Mary turned her face from the wall, moving the man’s arm away from her thigh. She looked in his eyes, brown, glazed, and empty, and saw in them what she had seen in the faces of so many killers over so many years. It was in that fragment of a second that she knew what awaited her. It wasn’t just sex he wanted. Or drugs he needed.

It was blood.

Her blood.

The man with the knife needed a fix that only the blade could bring him. He was laughing as he stood and watched her blood flow past his legs like melted Jell-O, moving down the cracked path of a dark alley on an empty street in Queens. Laughing and staring into Mary’s eyes, watching as the life ebbed out of them.

It was the rush of the killer.

No one understood that feeling better than Mary Silvestri.

•    •    •

S
HE WOKE UP
three days later in the intensive care unit of Mission Hospital. Doctors had removed a portion of her lung, sliced beyond use by the man’s knife. Her stomach had also been slashed, requiring forty-seven stitches to close. There were welts and bruises up and down her body, and her right arm and left foot were broken and in casts. One eye was closed shut, and the side of her right cheek was bandaged.

Mary looked around the room, pale blue walls floating like waves, shards of sunlight warming the left side of her face. She saw an IV hanging off to the side, fluid slow-dripping into her arm. The inside of her mouth felt crusted, and there were two small plastic oxygen tubes in her nose. A set of rosary beads was wrapped around the fingers of her left hand.

She turned to her left, past the glare of the sun, and saw her son, Frank, sitting in a chair, wearing a New York Yankee jacket and cap, hands folded in his lap, staring back at her. She gazed at him for several seconds, read the concern etched on his youthful face, saw the tense way he leaned his body forward, and studied the eyes of a teenage boy terrified that his mother would die.

“Shouldn’t you be in school?” she said, each word weighed down with a pain that reached into her chest.

“It’s Sunday,” Frank said, surprised to hear her speak.

“Church, then,” Mary said, managing a slight smile. “I could use a couple of prayers thrown my way.”

“Went this morning,” Frank said. “With Dad.”

“Here alone?”

“No,” Frank said. “Dad went down to the cafeteria. To get some coffee.”

“How’s he doin’?”

“Scared,” Frank said. “Stays here all day. Sleeps in the
bed next to you at night. Leaves just to check on work and pick me up from school.”

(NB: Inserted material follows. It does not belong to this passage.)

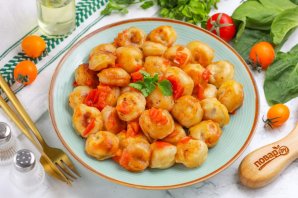 Промойте томаты и нарежьте кубиками, вырезая зеленые сердцевинки. Когда пельмени отлично прожарятся со всех сторон, добавьте нарезку помидоров в сковороду. Всыпьте соль и молотый черный перец. По желанию можете добавить и сушеный базилик, орегано и т.д. Аккуратно перемешайте и томите на среднем нагреве 3-4 минуты под крышкой.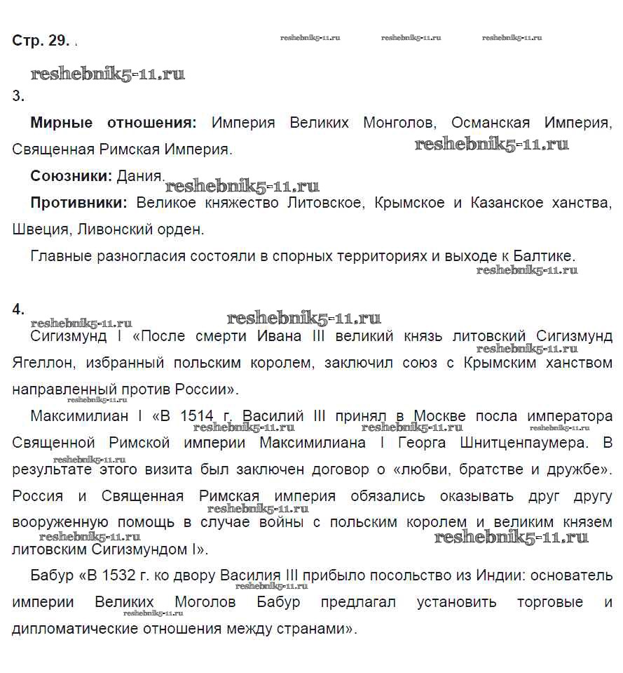 Готовая домашняя работа с ответами по Истории за 7 класс Чернова Рабочая тетрадь УМК Часть 1, 2 Экзамен 2017 ФГОС - Часть 1. Страницы 29

“How about you?” Mary asked, wishing she could sit up, lean over, and, for the first time in many years, take her son in her arms.

“I’m not as scared,” Frank said.

“Why’s that?”

“Dad forgets how tough you are,” Frank said. “I don’t.”

“I’m not as tough as the guy I ran into,” Mary said. “Otherwise, we’d be sending him flowers.”

“They caught him,” Frank said.

“Who made the collar?” Mary asked.

“Not sure,” Frank said. “Russo and some of the other guys started chasin’ him down while you were in surgery. By the time you were in recovery, they had him.”

“I can’t wait to see him in court,” Mary said. Her throat was dry and raw, and her jaw ached whenever she spoke.

“He won’t be in court,” Frank said.

She didn’t have to say anything. She just looked at him, first curiously, then knowingly.

“Russo told me and Dad the guy put up a fight.” Frank went on in a matter-of-fact tone that would have made any seasoned cop proud. “Came at them with the same knife he used on you. Russo and Johnson stopped him.”

Mary nodded and turned from her son. She lifted her head slowly, eyes scanning the flowers and baskets that filled the room.